Friday, July 04, 2008

Senator No

It was reported today that "Senator No" -- Jesse Helms -- died. I certainly won't pretend that that is sad news to me. As the Charlotte Observer said, Helms dead at 86:

[Helms] served three decades in the Senate before retiring in 2003. He was a figure seven presidents couldn't always agree with but could rarely ignore.

To admirers, Helms was a man of principle who stood for conservative values even when he stood alone. Supporters didn't always agree with him. But they knew where he stood.

Critics knew, too. To them he was a cynical manipulator who oversimplified issues, supported right-wing dictators and built a half-century career on race-baiting, polarizing politics.

His death comes months after he published a memoir in which he sought to define his legacy and soften his image. He acknowledged mistakes in his early opposition to AIDS funding but said he never advocated segregation or used race as a political wedge, a claim critics found disingenuous.
Although he later tried to deny the charges, Helms was a career bigot. As the article observes:

Helms' campaigns divided North Carolinians. He used homosexuality, school prayer, race and other “hot button” issues to separate himself from his opponents.

A 1990 ad accused Democratic opponent Gantt of taking money from gays. Another showed a pair of white hands crumpling a job rejection letter as a voice says, “You needed that job, but they had to give it to a minority.”

Analysts such as Kathleen Hall Jamieson, dean of the University of Pennsylvania's Annenberg School for Communication, called the ad “a textbook illustration of how to play on racial fears,” and said Helms “took targeted, fear-based appeals toward other groups to a new high.”

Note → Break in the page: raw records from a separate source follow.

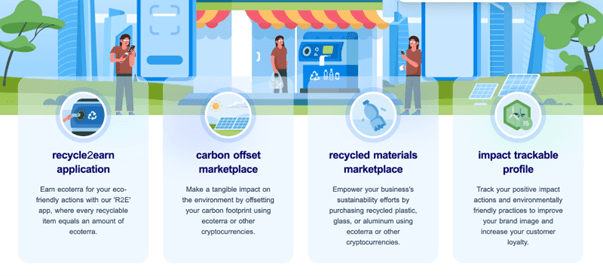 As a result, each of these user groups will gain access to different benefits and solutions, contributing to the creation of a more sustainable future. The comprehensive approach towards recycling, the circular economy, and carbon offsetting are rooted in blockchain technology. It can be rightly said that the ecosystem owes its feasibility to the transparency and security provided by Web 3.0.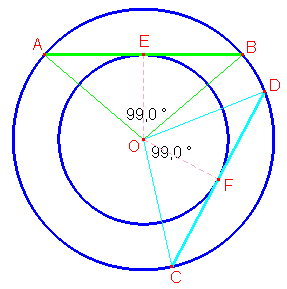 No! Tutte le corde sono tra loro congruenti. Infatti essendo tangenti alla circonferenza più interna hanno la stessa distanza dal centro O e i raggi OE e OF essendo perpendicolari alle corde le incontrano nel loro punto medio. Possiamo allora concludere che i triangoli rettangoli OEB e OFD sono uguali e sono uguali anche i triangoli rettangoli OEA e OFC e quindi le due corde sono uguali. Lo stesso ragionamento può essere fatto per tutte le altre corde.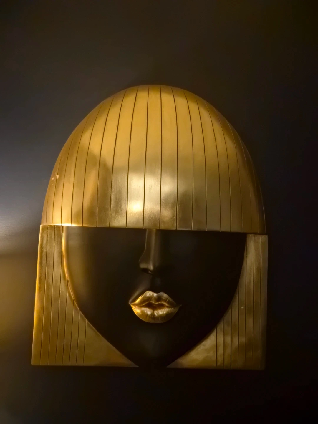 This striking wall art features a stylized face with a gold helmet-like hairstyle and gold lips against a dark background. It's a bold statement piece. Likely metal construction.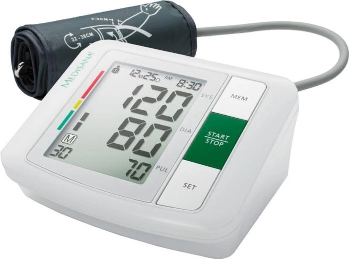 Met deze volautomatische bovenarm bloeddrukmeter BU 510 van Medisana meet u zeer betrouwbaar en nauwkeurig uw bloeddruk. U bevestigt de manchet rond uw bovenarm en start de meting eenvoudig met slechts één druk op de knop.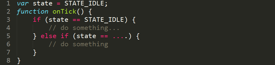 而市面上大多数交易框架,都是采用回调模式的机制,也就是500毫秒最多只有一个Tick,这还是理想状态。真实情况下onBar/onTick,Tick不漏掉就不错了。为什么呢?因为onBar/onTick函数里面,你要处理一整遍代码逻辑,很浪费时间,不管你愿不愿意,你的策略逻辑必须被打断,必须采用状态机的模式,比如: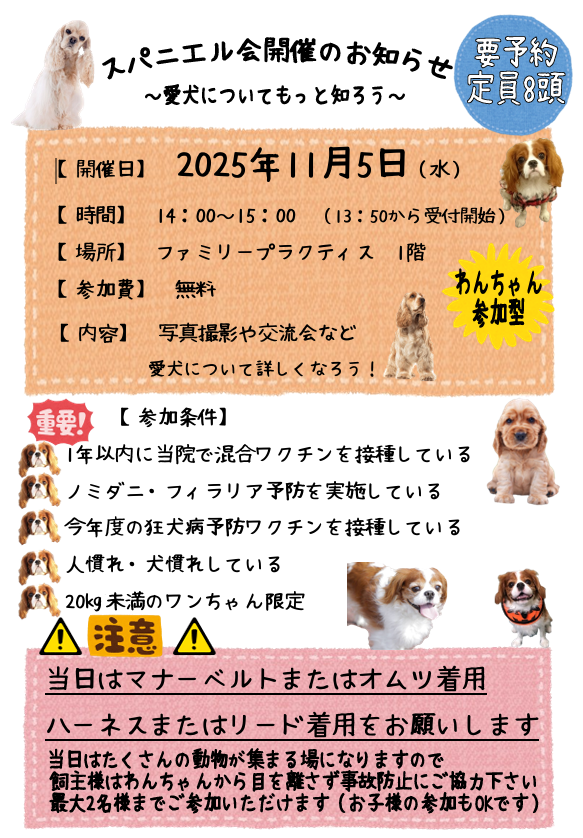 当日は獣医師よりスパニエル系のかかりやすい病気や特徴のお話、クイズ大会、

The true nature of the man is best seen in his own words. Via AmericaBlog, a few gems that give a hint of his soul:
As an aide to the 1950 Senate campaign of North Carolina Republican candidate Willis Smith, Helms reportedly helped create attack ads against Smith's opponent, including one which read: 'White people, wake up before it is too late. Do you want Negroes working beside you, your wife and your daughters, in your mills and factories? Frank Graham favors mingling of the races.' Another ad featured photographs Helms himself had doctored to illustrate the allegation that Graham's wife had danced with a black man. (The News and Observer, 8/26/01; The New Republic, 6/19/95; The Observer, 5/5/96; Hard Right: The Rise of Jesse Helms, by Ernest B. Furgurson, Norton, 1986)

* * * *
Of civil rights protests Helms wrote, "The Negro cannot count forever on the kind of restraint that's thus far left him free to clog the streets, disrupt traffic, and interfere with other men's rights." (WRAL-TV commentary, 1963) He also wrote, "Crime rates and irresponsibility among Negroes are a fact of life which must be faced." (New York Times, 2/8/81)

* * * *
Over the years Helms has declared homosexuality "degenerate," and homosexuals "weak, morally sick wretches." (Newsweek, 12/5/94) In a tirade highlighting his routine opposition to AIDS research funding, Helms lashed out at the Kennedy-Hatch AIDS bill in 1988: "There is not one single case of AIDS in this country that cannot be traced in origin to sodomy." (States News Service, 5/17/88)
Of course, there is also the irony in his dying on the 4th of July. I didn't think anything of it until I read this piece about Helms' death, Conservative Icon Former Senator Jesse Helms Dead At 86, which notes:
Former Sen. Jesse Helms, who built a career along the fault lines of racial politics and battled liberals, Communists and the occasional fellow Republican during 30 conservative years in Congress, died on the Fourth of July.

He was 86.

"It's just incredible that he would die on July 4, the same day of the Declaration of Independence and the same day that Thomas Jefferson and John Adams died, and he certainly is a patriot in the mold of those great men," said former North Carolina GOP Rep. Bill Cobey, the chairman of The Jesse Helms Center in Wingate, N.C.

Helms died at 1:15 a.m, the center said. He died in Raleigh of natural causes, said former chief of staff Jimmy Broughton.

After reading that, it hit me. There is no way the man died on the 4th. He died before midnight & they waited awhile before saying anything. The Republicans will lie about their middle name, if given the opportunity. This is just too convenient to be true. A manipulator till the bitter end.

UPDATE (7/5): The obit for Helms in The Guardian provides a good overview of the man who, the paper notes:

To echo this newspaper's memorable comment on the death of William Randolph Hearst, it is hard even now to think of him with charity.

1 comment:

quakerdave said...

I actually owe Sen. Helms a debt of gratitude.

It's because of people like him and Ronald Reagan that I became the pissed-off person I am today.